The SLA guaranties are enforced per flow, so the virtualization scheme requires the underplaying hardware resource scheduling mechanisms that will allocate proportional share of each hardware resource to the flow. The allocations of the resource share to the flow create the *Virtual Flow* consisting of the sequence of processing steps on the required processing modules. The wireless protocol processing often imposes end to end latency requirements for the whole processing flow, so the resource scheduler need to take the full flow latency into account as well.

Providing the latency and processing bandwidth share guaranties is difficulty with the software controlled processing platform. The software control assumes that the scheduler is implemented in software and requires real time operating system for sharing CPU processing power as well as the hardware processing engines used by the software as accelerators. The time scales of real-time operating system slices and CPU context switching in the software controlled environment are order of magnitude larger than the ones required by the wireless protocol processing (tens of us vs. us). Thus Software Defined Radio platforms are not adequate for the multi-flow communication support since time slicing of processing resources will be inefficient and non-precise. We introduce Virtual Flow Pipelining (VFP as the novel architectural approach for programmable radio protocol which supports controlled coexistence processing of communication flows and delivers high performance through the high utilization of hardware and software processing resources. The efficient techniques for resource sharing and low overhead context switching used by VFP, yield high speedup with parallelization or CPU and hardware processing engines.

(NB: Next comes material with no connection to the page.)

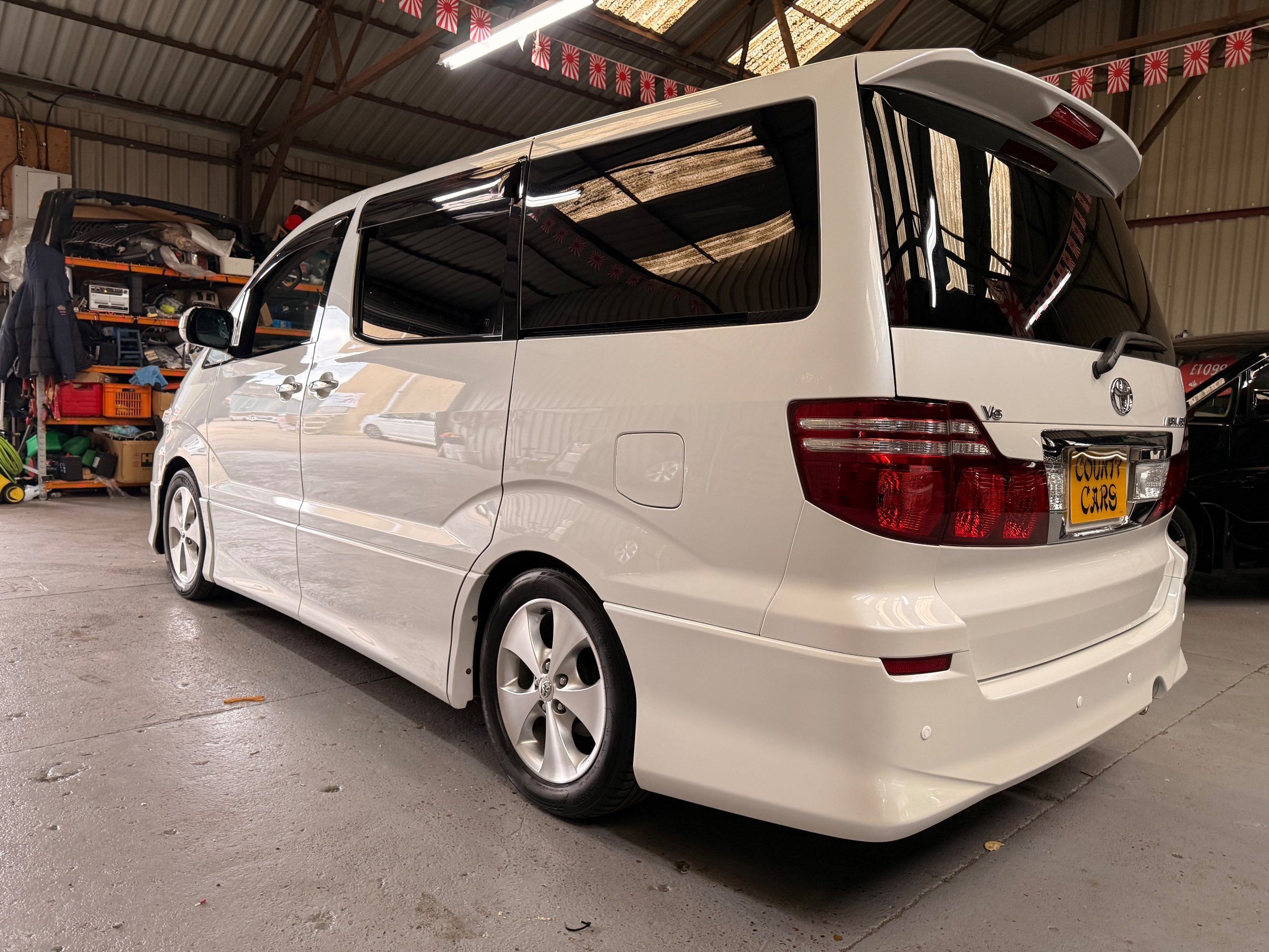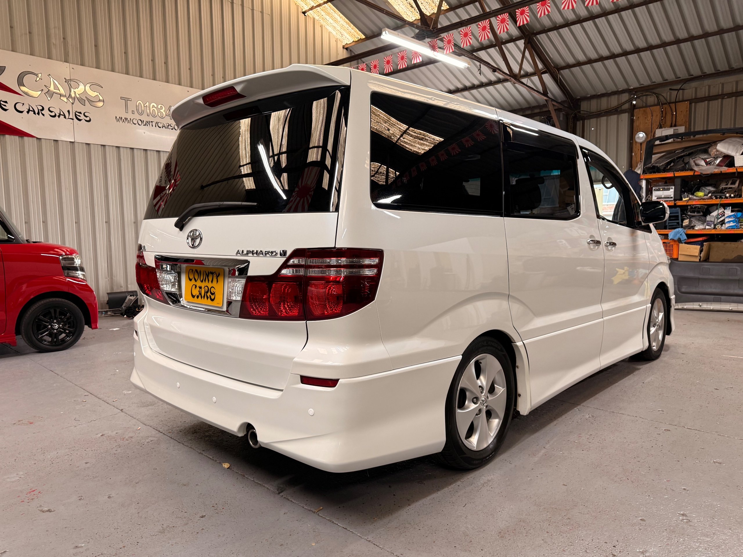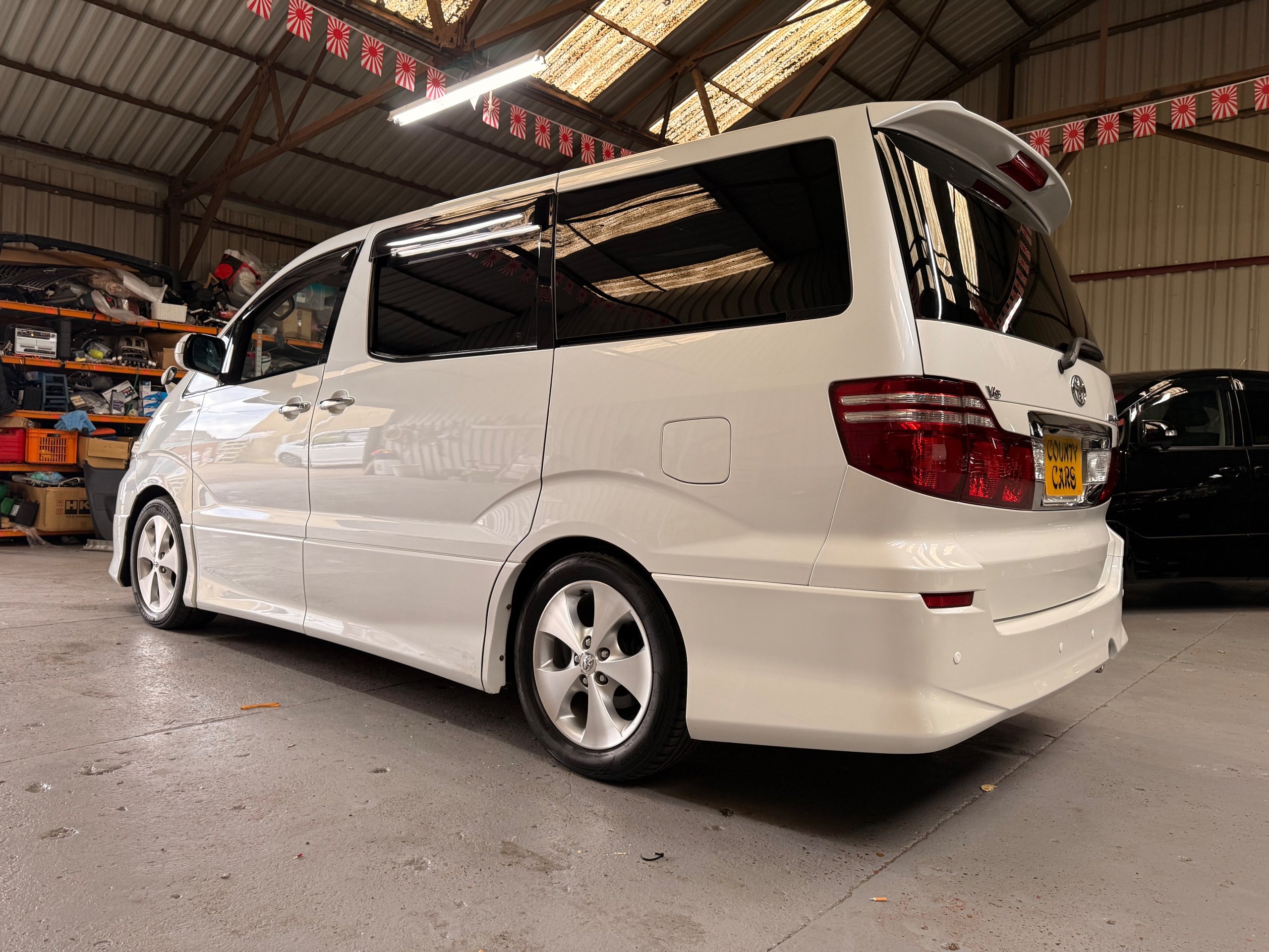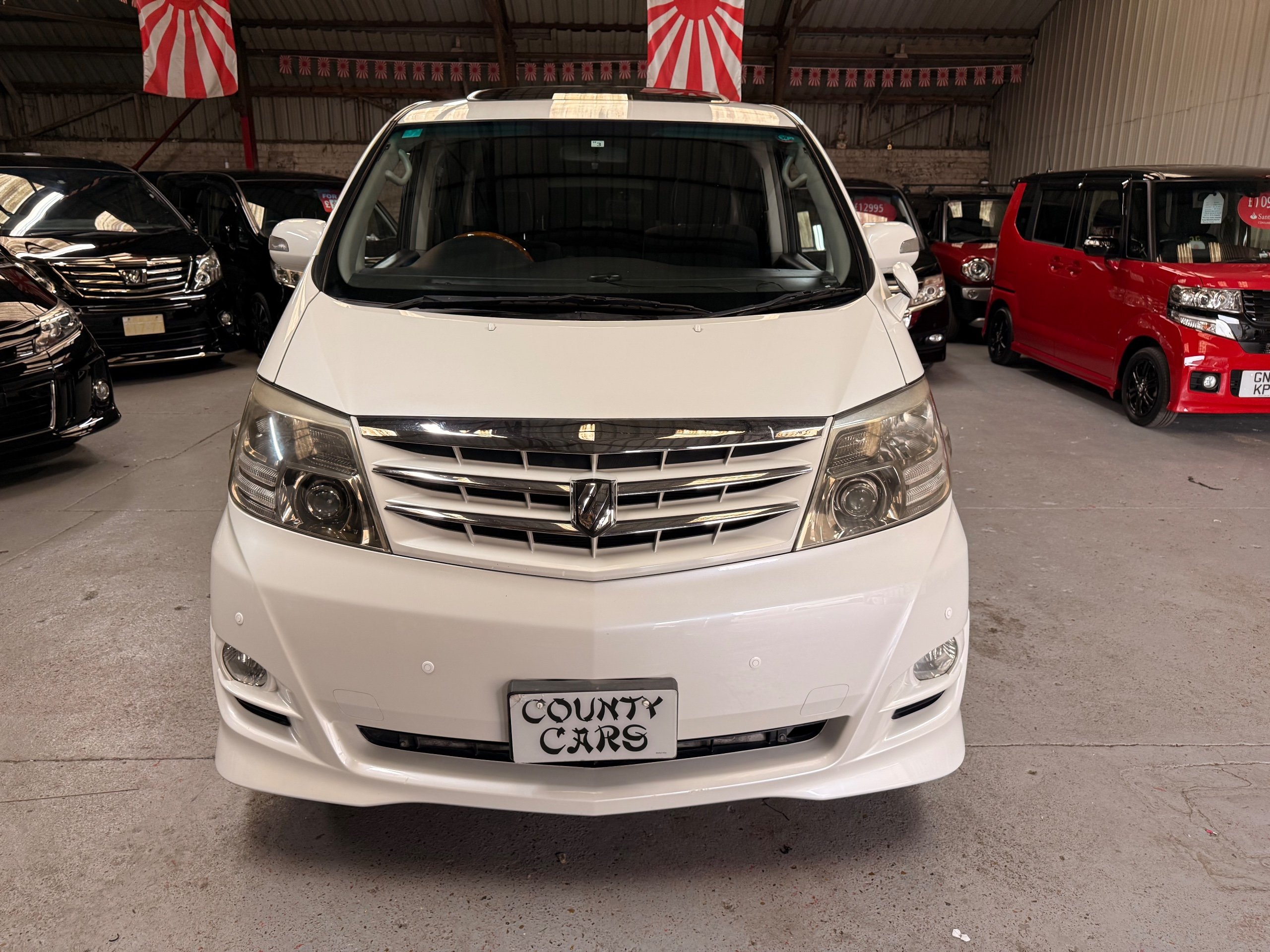 Toyota Alphard 3.0 V6 Platinum Selection ll Auto, 2008-08-Reg, Finished in Pearlescent White Paintwork, Unmarked Genuine 17" Polished Toyota Alloys, Front spots Fold away wing mirrors, Full privacy glass, Twin Sunroofs, Rear Electric Sunroof, Twin Electric soft closing sliding doors, Electric Tailgate, Front and Rear Parking Sensors, 8 Seater, 8 Unblemished Black Alcantara Seats, The front seats have armrests, centre console with a flip up tray, The centre seats have armrests/centre armrest with cup holders, The centre seats also folds down to display two tables with cup holders, The seats are also fully rotational, The rear seats fold to the side to give way to a huge loading space, Front and Rear Parking Sensors, front and rear Air-Con and climate control, Front and rear Electric windows, Ambient Lighting, Isofix Points, U.K Stereo with colour reversing camera, Rear monitor linked to the front DVD. UK Speedo conversion, Only covered a Genuine 68,000 with all the Genuine paperwork from Japan including the Export certificate and Auction sheet to prove the mileage and condition before it left Japan Nationwide Delivery Service Available

## 4. VIRTUAL FLOW PIPELINING

VFP concept is illustrated in Figure 2.



Figure 2: Virtual Flow Pipelining (VFP) processing

The traditional hardware pipeline based approach has a fixed sequence of operations, a fixed operation at each stage of the selected operating mode, and a fixed timing of operations, i.e., end to end processing latency. Furthermore there is no provision for multiplexing functional units among the flows provisioned in the system which is the basic requirement for enabling the processing platform virtualization. VFP approach adds the flexibility with respect to each design dimension described above and, in addition, allows software defined functions to be incorporated into the VFP based program control framework.

Virtual flow consists of a set of functions and their scheduling requirements associated with a higher protocol entity (application, session, IP, or MAC address). In a VFP scheme, the sequence of operations is specified by a flow control data structure which defines operations for each step in the flow, follow up steps and condition for the selection of the next steps in the case that processing flow may take alternative paths depending on ht run time results. The potential sequence space is defined during the flow provisioning time, but the actual operation sequence is determined at run time. Furthermore, the synchronization mechanisms of a VFP scheme are provided to resolve data dependencies and race conditions between processing units. The operations performed by functional units have variable size parameters for data and control information, allowing for the additional flexibility

The timing of the operations is also provisioned per flow, but dynamically selected based on the run time results. The scheduling function of the VFP controller multiplexes each functional unit (hardware or programmable processor) either based on a deterministic scheduling policy (time reservation) or statistical policy, depending on the flow setup. In order to support synchronous framing type of protocols (e.g., time division multiplexing), the flow scheduling information for the time reservation based scheme also specifies the repetition time. The scheduler is in charge of ensuring both the deterministic and the statistical performance guaranties.

In addition, the functional units can be of the central processing engine type, allowing the software programmable functions. These functions are incorporated in the processing flow using the same mechanisms as the ones for the functions performed by hardware modules, retaining all the system flow properties, and also relieving the software from engaging in the costly collaboration and communication operations. The hardware scheduler associated with the central processing units acts in lieu of an operating system.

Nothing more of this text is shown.